Santa is a simulated schizophrenia

Oh look flying reindeer piloted by an eternal human who commands an army of elves and watches all children of the world 365 days a year

Folks, Christmas is one thing but Santa, Santa is a different one. It is something that this millennia should phase out of childhood.

When I’ll have the chance of raising a kid, I will not tell them santa is real. I think this is a horrible experience on any child, and that parents worldwide should think twice before hosing the lie of lies on their child’s fresh consciousness.

I am not joking.

There are parents who go to incredible great lengths to create the perfect make believe: adding snow footprints around the house, eating industrial quantities of milk and cookies and possibly Rudolph’s carrots too, all done while hiding in complete secrecy all that preparation required for the imaginary santa’s arrival through the chimney.

Why?

We’re introducing kids to this huge amazing awesome and great thing which has no connection to reality whatsoever and we laugh and amuse ourselves at the pain and disappointment that the child experiences when the mirage falls apart.

Santa is the hazing of children for acceptance in the big frathouse of man.

I imagine the billions and billions of neuronal connections that suddenly are weakened and have to be reconfigured. So many assumptions and wrong predictions made from a foundational set of information, presented wrongfully on purpose.

You see, Santa is not just story or play. Santa doesn’t happen in a kingdom far far away, but right here in my living room. The whole Santa story, for your child’s brain, is not a product of imagination, but a real person who lives forever, travels at amazing speeds, effectively lives at the north pole in a magic castle and visits every year in one night the entire planet.

This is a real experience that is presented to the kid by the people they trust completely: mother and father. I am astonished of how little thought is given to the emotional carrousel that we’re willingly submitting our children into. What for?

The more you try to create the perfect santa experience the worse it’s gonna be when the lie is revealed.

Then there is also the stupidity of the “trade”, an exchange where the child gives up their naughtiness for material gain. WTF! I am definitely not the first one to stand back amazed of how such a wrong educational approach is universal and uncontested. But this is old news.

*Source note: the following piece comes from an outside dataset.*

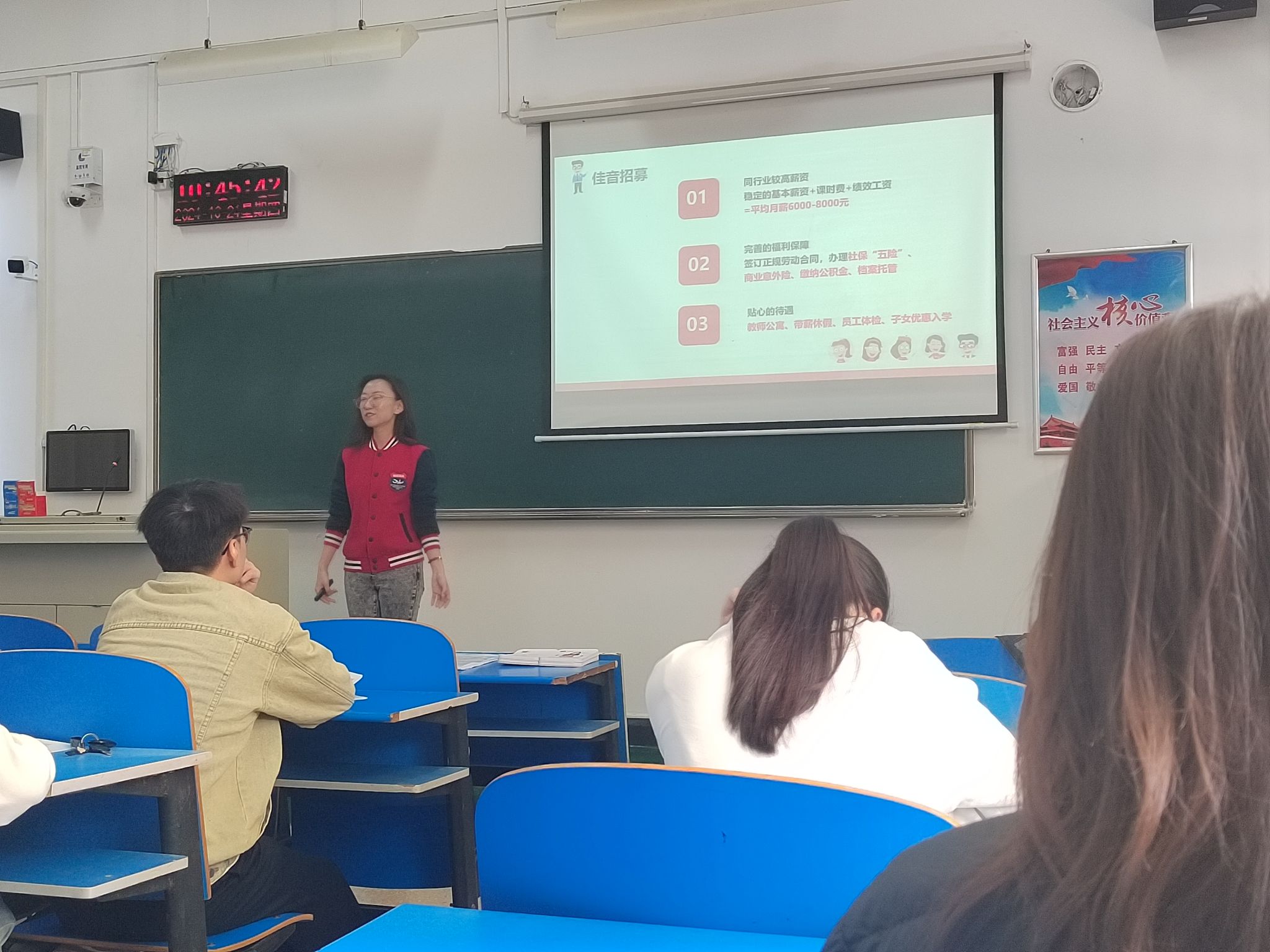 宣讲会伊始,刘晓宇从公司的发展历程、办学理念及教学特色三个方面展开向同学们简要介绍了公司的基本情况,就教学特色方面,他讲到,洛阳佳音英语培训公司作为业内知名的培训公司,一直不断升级优化教学体系,致力于为员工提供优质的英语教育服务,发展前景十分广阔。接着,刘晓宇向同学们详细介绍了本次校招的岗位需求,他表示,公司在业内口碑良好,且对外语人才需求量大,希望同学们可以综合考虑各方面因素,结合自身情况,积极投递简历。最后,刘晓宇鼓励同学们积极提出自己的疑问,并细心解答了同学们咨询的问题,帮助同学们完善对公司在招岗位的认识。会后,同学们纷纷表示,在投递简历前,会持续了解该公司的相关需求和发展方向,分析自身的优点与不足,不断提高自身竞争力,并提前规划未来发展,为就业做好充分准备。

I am talking about the fake existence of Santa and the immense effort to pretend it exists as a fun way to sprinkle fun on the experience of your child’d childhood, and the wrong behind it.

When my child raising time will come, to add some “Santa pizzaz” in my child’s life I’ll simply tell them the world plays this Christmas game and here is the story, and the game’s rules are such and such and maybe it will be fun if we play it too. And warn them that some people actually believe it is real.

And before the child is grown up enough to grasp the idea of game, I’ll simply decorate and cook, buy presents and have fun: who needs this Santa story when reality is so awesome?

Schizophrenia is a mental disorder characterized by abnormal social behavior and failure to understand what is real.

The actual word means: splitting of the mind.

I don’t know, maybe it is not as important as I see it. For me, it is. Maybe my future child will be angry they missed being lied to with love. But I’ll take my chance.

Santa is on the same level of wrong as introducing religious myth, which functions as revelatory metaphor, to children who understand it as fact.

The entire personality and future existence of the human you raise is embedded on how their brain is primed up to grasp reality. Just remember that before you lie innocent lies to innocent souls.